WORK REQUIRED:
Please keep the images out and set down the data exactly as given.

STORED DATA:
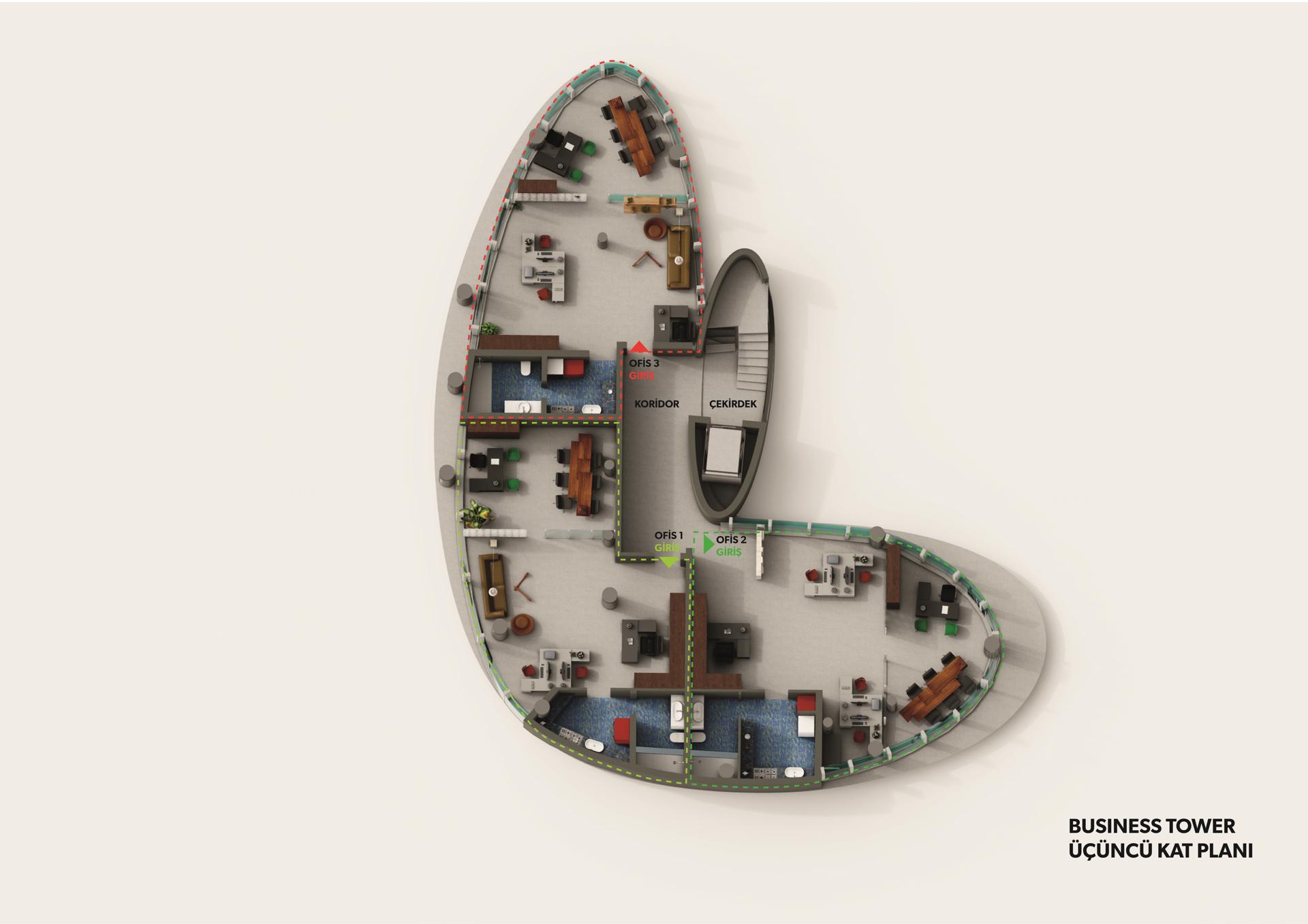 The development is designed as a modern high-rise complex combining commercial offices, business spaces, and premium residential units within one integrated urban concept. Contemporary architectural design, spacious layouts, panoramic city and sea views, and high-quality finishing materials create a professional and luxurious environment suitable for investors, business owners, and residents.
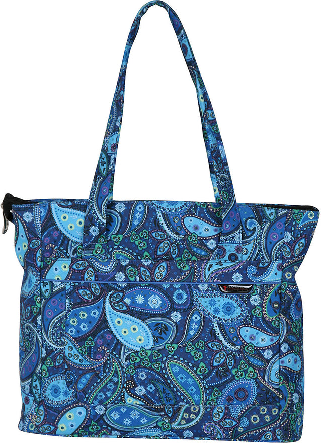 - Zippered piggy-back pocket lets you slide your tote over any standard handle system for easier transport.
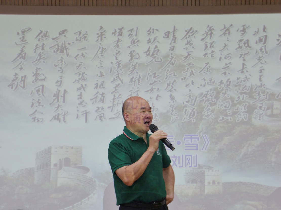 徐学俊、刘刚和郑玉美等3位老教师通过演唱和朗诵的形式为大家带来了《送别》《沁园春·雪》和《我爱你中国》等经典文艺作品,充分抒发了对革命领路人的崇敬,歌颂了中华民族英勇奋斗的壮丽史诗,把对伟大祖国的崇高之爱演绎得淋漓尽致。
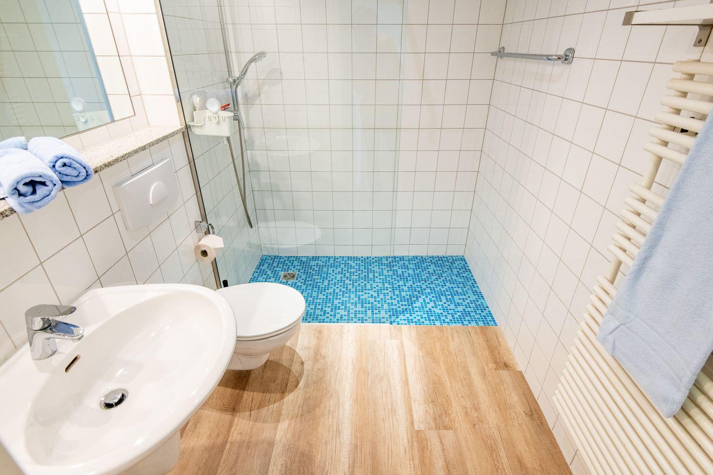Vom Eingangsbereich aus erreichen Sie das Badezimmer. Dieses ist mit einer bodengleichen Dusche, WC, Waschbecken und einer Handtuchheizung ausgestattet.

SOLUTION BELOW:
 The development is designed as a modern high-rise complex combining commercial offices, business spaces, and premium residential units within one integrated urban concept. Contemporary architectural design, spacious layouts, panoramic city and sea views, and high-quality finishing materials create a professional and luxurious environment suitable for investors, business owners, and residents.
 - Zippered piggy-back pocket lets you slide your tote over any standard handle system for easier transport.
 徐学俊、刘刚和郑玉美等3位老教师通过演唱和朗诵的形式为大家带来了《送别》《沁园春·雪》和《我爱你中国》等经典文艺作品,充分抒发了对革命领路人的崇敬,歌颂了中华民族英勇奋斗的壮丽史诗,把对伟大祖国的崇高之爱演绎得淋漓尽致。
Vom Eingangsbereich aus erreichen Sie das Badezimmer. Dieses ist mit einer bodengleichen Dusche, WC, Waschbecken und einer Handtuchheizung ausgestattet.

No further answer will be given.